**RECORDED INFORMATION**
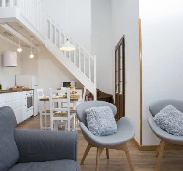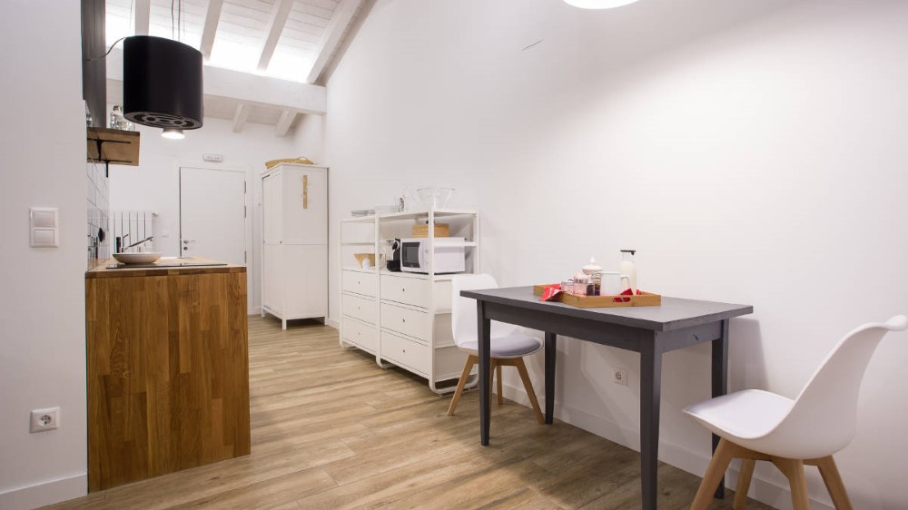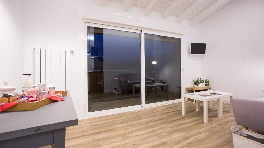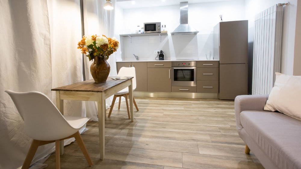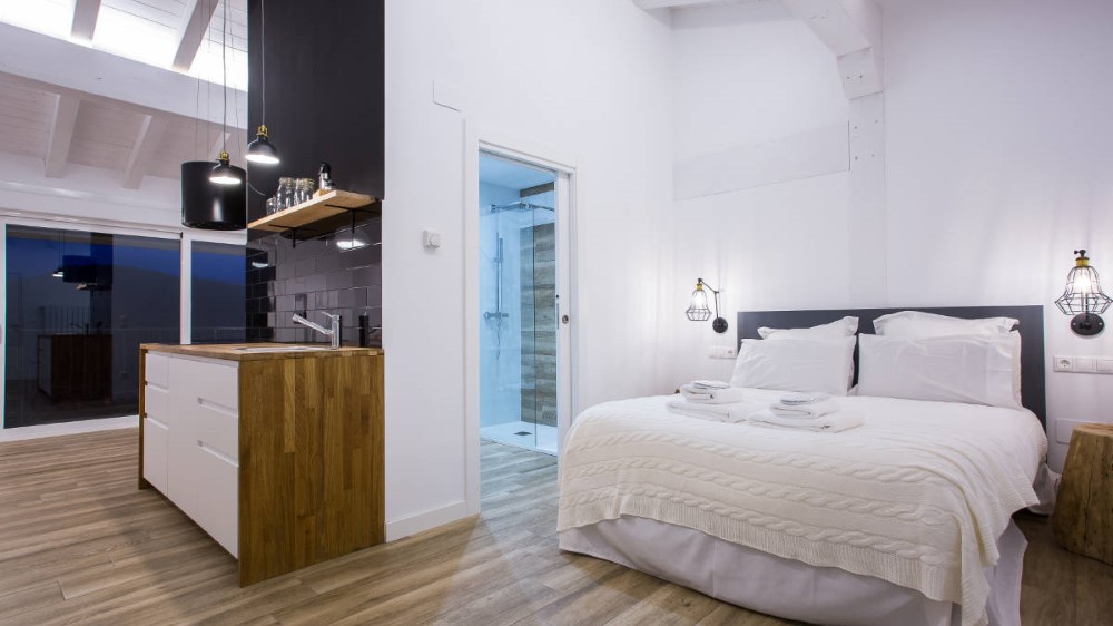 Hortentsia: Apartamento para 2 personas (28m2) en planta baja. Incluye minikitchen totalmente equipado, salita con TV LED, baño y cama con lencería de algodón egipcio. Cuenta con calefacción central de biomasa, WIFI y un gran ventanal. No se permite cama supletoria.
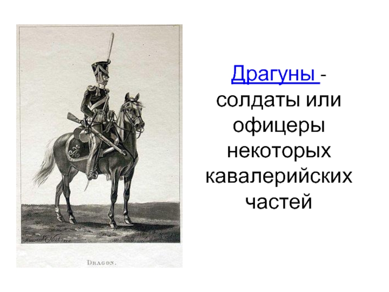 Слайд 8Драгуны - солдаты или офицеры некоторых кавалерийских частей
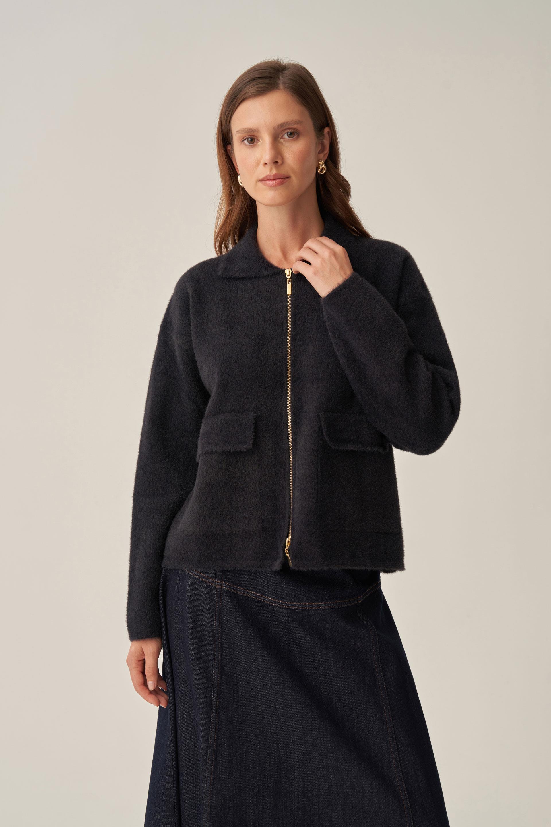 Siyah-Kapak Cepli Fermuarlı Peluş Hırka
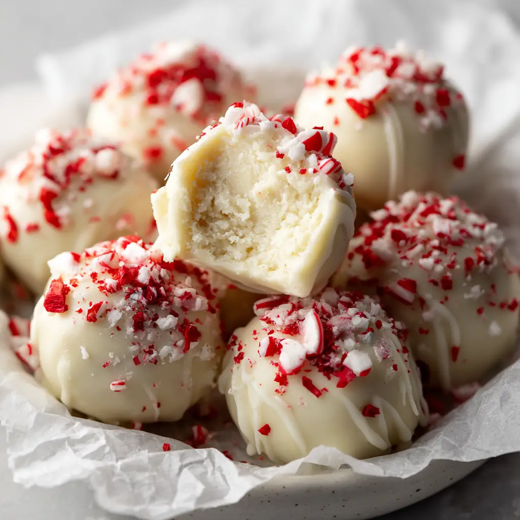 Welcome to your new favorite holiday tradition. These no-bake peppermint balls are the absolute pinnacle of festive treats—effortless to create, yet they deliver a visual and textural masterpiece. Imagine a dense, velvety white cream center that melts in your mouth, all encased in a smooth, hardened white candy shell. The final touch? A heavy encrusting of coarse, glossy shards of red and white peppermint candy canes, offering a delightful crunch and a burst of cool mint flavor.

**WORK REQUEST**
The data needs to be reproduced exactly, please, apart from its pictures.

**PROBLEM SOLUTION**
 Hortentsia: Apartamento para 2 personas (28m2) en planta baja. Incluye minikitchen totalmente equipado, salita con TV LED, baño y cama con lencería de algodón egipcio. Cuenta con calefacción central de biomasa, WIFI y un gran ventanal. No se permite cama supletoria.
 Слайд 8Драгуны - солдаты или офицеры некоторых кавалерийских частей
 Siyah-Kapak Cepli Fermuarlı Peluş Hırka
 Welcome to your new favorite holiday tradition. These no-bake peppermint balls are the absolute pinnacle of festive treats—effortless to create, yet they deliver a visual and textural masterpiece. Imagine a dense, velvety white cream center that melts in your mouth, all encased in a smooth, hardened white candy shell. The final touch? A heavy encrusting of coarse, glossy shards of red and white peppermint candy canes, offering a delightful crunch and a burst of cool mint flavor.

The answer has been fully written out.